### Goal of the exercise
Each entry is to be repeated word for word, and the images are to be dropped.
----- Records provided -----
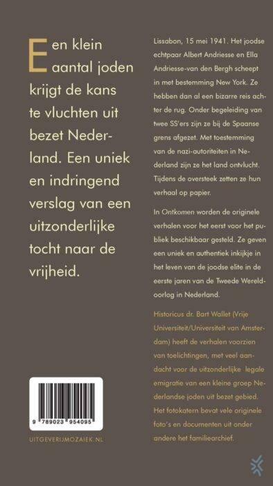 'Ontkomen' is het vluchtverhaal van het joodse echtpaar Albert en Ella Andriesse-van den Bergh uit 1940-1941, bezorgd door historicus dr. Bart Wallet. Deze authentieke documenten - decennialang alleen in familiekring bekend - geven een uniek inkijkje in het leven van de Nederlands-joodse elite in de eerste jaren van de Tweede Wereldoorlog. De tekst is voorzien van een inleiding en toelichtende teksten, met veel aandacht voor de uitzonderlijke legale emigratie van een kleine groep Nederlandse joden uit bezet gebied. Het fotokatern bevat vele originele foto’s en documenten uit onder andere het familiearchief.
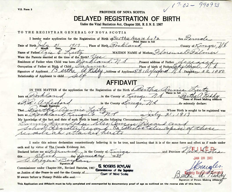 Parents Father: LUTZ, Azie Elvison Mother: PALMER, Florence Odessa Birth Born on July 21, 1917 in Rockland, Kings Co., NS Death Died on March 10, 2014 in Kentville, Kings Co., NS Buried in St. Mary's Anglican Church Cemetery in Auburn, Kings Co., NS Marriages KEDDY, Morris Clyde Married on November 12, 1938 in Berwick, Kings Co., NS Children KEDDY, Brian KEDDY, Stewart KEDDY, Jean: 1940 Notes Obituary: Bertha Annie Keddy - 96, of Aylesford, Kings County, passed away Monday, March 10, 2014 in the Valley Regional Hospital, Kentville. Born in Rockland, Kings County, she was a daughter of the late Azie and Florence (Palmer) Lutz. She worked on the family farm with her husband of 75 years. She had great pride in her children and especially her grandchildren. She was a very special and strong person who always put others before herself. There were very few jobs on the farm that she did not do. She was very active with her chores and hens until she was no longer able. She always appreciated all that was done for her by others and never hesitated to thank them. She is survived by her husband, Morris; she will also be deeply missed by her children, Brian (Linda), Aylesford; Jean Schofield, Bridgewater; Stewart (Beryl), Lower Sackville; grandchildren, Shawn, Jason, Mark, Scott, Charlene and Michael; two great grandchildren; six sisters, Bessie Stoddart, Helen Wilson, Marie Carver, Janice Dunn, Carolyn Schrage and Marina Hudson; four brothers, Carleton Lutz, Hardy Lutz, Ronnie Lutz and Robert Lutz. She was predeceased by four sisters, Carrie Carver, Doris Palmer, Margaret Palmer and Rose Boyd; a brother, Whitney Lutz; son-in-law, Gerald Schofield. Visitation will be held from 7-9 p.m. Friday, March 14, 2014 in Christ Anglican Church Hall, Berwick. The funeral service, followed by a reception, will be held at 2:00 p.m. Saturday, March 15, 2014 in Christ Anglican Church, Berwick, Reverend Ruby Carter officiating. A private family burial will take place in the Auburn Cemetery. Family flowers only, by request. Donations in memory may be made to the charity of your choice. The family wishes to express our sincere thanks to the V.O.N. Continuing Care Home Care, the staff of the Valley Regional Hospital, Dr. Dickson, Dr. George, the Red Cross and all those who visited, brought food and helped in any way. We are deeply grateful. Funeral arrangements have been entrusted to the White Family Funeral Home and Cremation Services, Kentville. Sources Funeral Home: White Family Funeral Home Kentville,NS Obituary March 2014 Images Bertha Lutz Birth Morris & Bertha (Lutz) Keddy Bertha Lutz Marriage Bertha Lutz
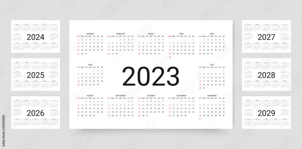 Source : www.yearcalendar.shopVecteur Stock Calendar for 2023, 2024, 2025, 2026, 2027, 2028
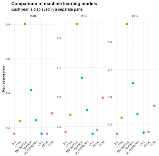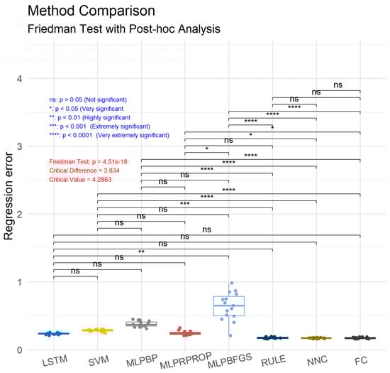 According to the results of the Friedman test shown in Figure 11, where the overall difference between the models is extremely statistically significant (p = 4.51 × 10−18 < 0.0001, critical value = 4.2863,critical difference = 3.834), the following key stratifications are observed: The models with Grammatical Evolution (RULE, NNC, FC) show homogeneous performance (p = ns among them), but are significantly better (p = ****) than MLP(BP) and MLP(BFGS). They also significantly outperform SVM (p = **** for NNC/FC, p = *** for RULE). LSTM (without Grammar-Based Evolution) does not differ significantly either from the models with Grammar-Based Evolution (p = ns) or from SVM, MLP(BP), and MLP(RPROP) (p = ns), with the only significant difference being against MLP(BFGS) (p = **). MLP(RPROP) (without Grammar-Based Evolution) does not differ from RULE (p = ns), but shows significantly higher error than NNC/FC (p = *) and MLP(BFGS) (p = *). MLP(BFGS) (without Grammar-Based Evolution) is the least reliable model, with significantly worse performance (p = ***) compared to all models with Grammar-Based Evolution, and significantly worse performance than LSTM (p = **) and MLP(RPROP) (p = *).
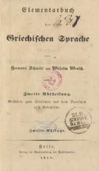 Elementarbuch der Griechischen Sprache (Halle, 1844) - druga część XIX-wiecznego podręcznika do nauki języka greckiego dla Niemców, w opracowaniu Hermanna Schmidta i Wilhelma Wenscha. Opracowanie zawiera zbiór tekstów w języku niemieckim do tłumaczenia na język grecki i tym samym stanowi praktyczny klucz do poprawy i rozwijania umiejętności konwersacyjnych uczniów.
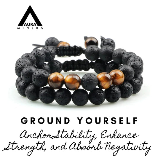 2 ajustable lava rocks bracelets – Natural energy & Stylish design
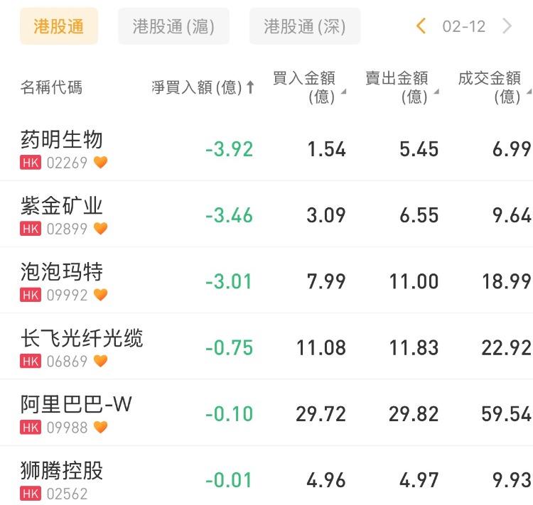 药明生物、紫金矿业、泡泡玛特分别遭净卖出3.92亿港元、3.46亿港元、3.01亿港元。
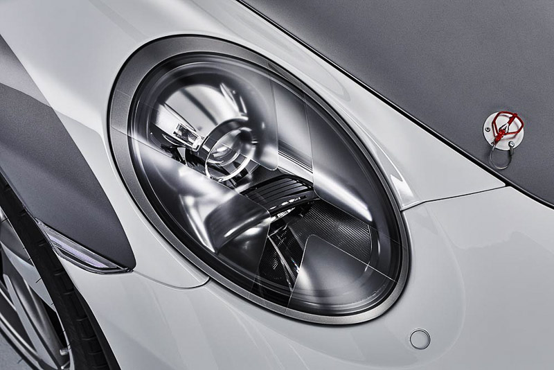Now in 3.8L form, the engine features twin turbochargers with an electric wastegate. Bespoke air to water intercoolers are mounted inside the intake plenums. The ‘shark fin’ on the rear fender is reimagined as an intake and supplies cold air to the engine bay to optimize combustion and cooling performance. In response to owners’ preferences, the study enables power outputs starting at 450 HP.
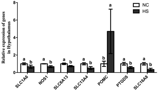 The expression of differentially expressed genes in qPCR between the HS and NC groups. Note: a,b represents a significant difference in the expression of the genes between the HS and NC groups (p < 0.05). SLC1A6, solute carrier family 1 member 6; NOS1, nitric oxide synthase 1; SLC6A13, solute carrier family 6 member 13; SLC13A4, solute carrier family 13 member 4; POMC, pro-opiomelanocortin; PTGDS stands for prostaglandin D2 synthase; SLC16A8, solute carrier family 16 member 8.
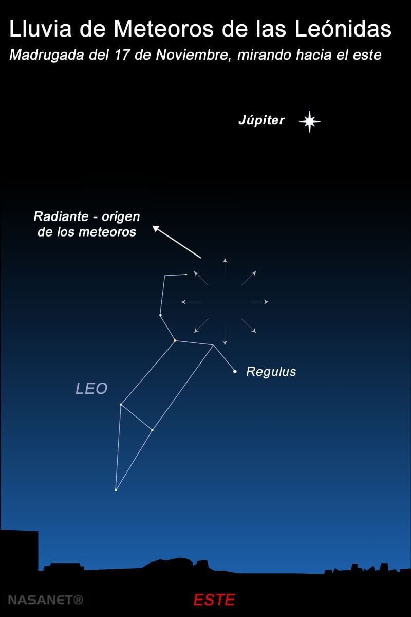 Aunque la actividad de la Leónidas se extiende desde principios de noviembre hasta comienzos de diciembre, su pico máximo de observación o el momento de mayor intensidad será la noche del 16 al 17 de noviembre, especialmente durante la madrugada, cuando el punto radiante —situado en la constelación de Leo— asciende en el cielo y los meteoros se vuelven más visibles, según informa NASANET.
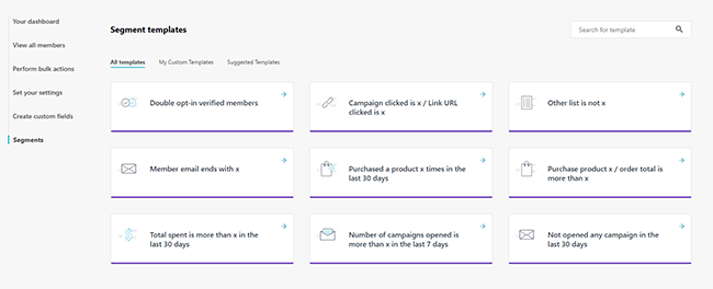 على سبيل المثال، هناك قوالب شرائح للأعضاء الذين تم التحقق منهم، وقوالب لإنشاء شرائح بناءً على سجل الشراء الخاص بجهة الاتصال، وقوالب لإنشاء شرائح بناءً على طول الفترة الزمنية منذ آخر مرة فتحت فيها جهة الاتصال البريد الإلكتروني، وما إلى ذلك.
-----
### Result
 'Ontkomen' is het vluchtverhaal van het joodse echtpaar Albert en Ella Andriesse-van den Bergh uit 1940-1941, bezorgd door historicus dr. Bart Wallet. Deze authentieke documenten - decennialang alleen in familiekring bekend - geven een uniek inkijkje in het leven van de Nederlands-joodse elite in de eerste jaren van de Tweede Wereldoorlog. De tekst is voorzien van een inleiding en toelichtende teksten, met veel aandacht voor de uitzonderlijke legale emigratie van een kleine groep Nederlandse joden uit bezet gebied. Het fotokatern bevat vele originele foto’s en documenten uit onder andere het familiearchief.
 Parents Father: LUTZ, Azie Elvison Mother: PALMER, Florence Odessa Birth Born on July 21, 1917 in Rockland, Kings Co., NS Death Died on March 10, 2014 in Kentville, Kings Co., NS Buried in St. Mary's Anglican Church Cemetery in Auburn, Kings Co., NS Marriages KEDDY, Morris Clyde Married on November 12, 1938 in Berwick, Kings Co., NS Children KEDDY, Brian KEDDY, Stewart KEDDY, Jean: 1940 Notes Obituary: Bertha Annie Keddy - 96, of Aylesford, Kings County, passed away Monday, March 10, 2014 in the Valley Regional Hospital, Kentville. Born in Rockland, Kings County, she was a daughter of the late Azie and Florence (Palmer) Lutz. She worked on the family farm with her husband of 75 years. She had great pride in her children and especially her grandchildren. She was a very special and strong person who always put others before herself. There were very few jobs on the farm that she did not do. She was very active with her chores and hens until she was no longer able. She always appreciated all that was done for her by others and never hesitated to thank them. She is survived by her husband, Morris; she will also be deeply missed by her children, Brian (Linda), Aylesford; Jean Schofield, Bridgewater; Stewart (Beryl), Lower Sackville; grandchildren, Shawn, Jason, Mark, Scott, Charlene and Michael; two great grandchildren; six sisters, Bessie Stoddart, Helen Wilson, Marie Carver, Janice Dunn, Carolyn Schrage and Marina Hudson; four brothers, Carleton Lutz, Hardy Lutz, Ronnie Lutz and Robert Lutz. She was predeceased by four sisters, Carrie Carver, Doris Palmer, Margaret Palmer and Rose Boyd; a brother, Whitney Lutz; son-in-law, Gerald Schofield. Visitation will be held from 7-9 p.m. Friday, March 14, 2014 in Christ Anglican Church Hall, Berwick. The funeral service, followed by a reception, will be held at 2:00 p.m. Saturday, March 15, 2014 in Christ Anglican Church, Berwick, Reverend Ruby Carter officiating. A private family burial will take place in the Auburn Cemetery. Family flowers only, by request. Donations in memory may be made to the charity of your choice. The family wishes to express our sincere thanks to the V.O.N. Continuing Care Home Care, the staff of the Valley Regional Hospital, Dr. Dickson, Dr. George, the Red Cross and all those who visited, brought food and helped in any way. We are deeply grateful. Funeral arrangements have been entrusted to the White Family Funeral Home and Cremation Services, Kentville. Sources Funeral Home: White Family Funeral Home Kentville,NS Obituary March 2014 Images Bertha Lutz Birth Morris & Bertha (Lutz) Keddy Bertha Lutz Marriage Bertha Lutz
 Source : www.yearcalendar.shopVecteur Stock Calendar for 2023, 2024, 2025, 2026, 2027, 2028
 According to the results of the Friedman test shown in Figure 11, where the overall difference between the models is extremely statistically significant (p = 4.51 × 10−18 < 0.0001, critical value = 4.2863,critical difference = 3.834), the following key stratifications are observed: The models with Grammatical Evolution (RULE, NNC, FC) show homogeneous performance (p = ns among them), but are significantly better (p = ****) than MLP(BP) and MLP(BFGS). They also significantly outperform SVM (p = **** for NNC/FC, p = *** for RULE). LSTM (without Grammar-Based Evolution) does not differ significantly either from the models with Grammar-Based Evolution (p = ns) or from SVM, MLP(BP), and MLP(RPROP) (p = ns), with the only significant difference being against MLP(BFGS) (p = **). MLP(RPROP) (without Grammar-Based Evolution) does not differ from RULE (p = ns), but shows significantly higher error than NNC/FC (p = *) and MLP(BFGS) (p = *). MLP(BFGS) (without Grammar-Based Evolution) is the least reliable model, with significantly worse performance (p = ***) compared to all models with Grammar-Based Evolution, and significantly worse performance than LSTM (p = **) and MLP(RPROP) (p = *).
 Elementarbuch der Griechischen Sprache (Halle, 1844) - druga część XIX-wiecznego podręcznika do nauki języka greckiego dla Niemców, w opracowaniu Hermanna Schmidta i Wilhelma Wenscha. Opracowanie zawiera zbiór tekstów w języku niemieckim do tłumaczenia na język grecki i tym samym stanowi praktyczny klucz do poprawy i rozwijania umiejętności konwersacyjnych uczniów.
 2 ajustable lava rocks bracelets – Natural energy & Stylish design
 药明生物、紫金矿业、泡泡玛特分别遭净卖出3.92亿港元、3.46亿港元、3.01亿港元。
Now in 3.8L form, the engine features twin turbochargers with an electric wastegate. Bespoke air to water intercoolers are mounted inside the intake plenums. The ‘shark fin’ on the rear fender is reimagined as an intake and supplies cold air to the engine bay to optimize combustion and cooling performance. In response to owners’ preferences, the study enables power outputs starting at 450 HP.
 The expression of differentially expressed genes in qPCR between the HS and NC groups. Note: a,b represents a significant difference in the expression of the genes between the HS and NC groups (p < 0.05). SLC1A6, solute carrier family 1 member 6; NOS1, nitric oxide synthase 1; SLC6A13, solute carrier family 6 member 13; SLC13A4, solute carrier family 13 member 4; POMC, pro-opiomelanocortin; PTGDS stands for prostaglandin D2 synthase; SLC16A8, solute carrier family 16 member 8.
 Aunque la actividad de la Leónidas se extiende desde principios de noviembre hasta comienzos de diciembre, su pico máximo de observación o el momento de mayor intensidad será la noche del 16 al 17 de noviembre, especialmente durante la madrugada, cuando el punto radiante —situado en la constelación de Leo— asciende en el cielo y los meteoros se vuelven más visibles, según informa NASANET.
 على سبيل المثال، هناك قوالب شرائح للأعضاء الذين تم التحقق منهم، وقوالب لإنشاء شرائح بناءً على سجل الشراء الخاص بجهة الاتصال، وقوالب لإنشاء شرائح بناءً على طول الفترة الزمنية منذ آخر مرة فتحت فيها جهة الاتصال البريد الإلكتروني، وما إلى ذلك.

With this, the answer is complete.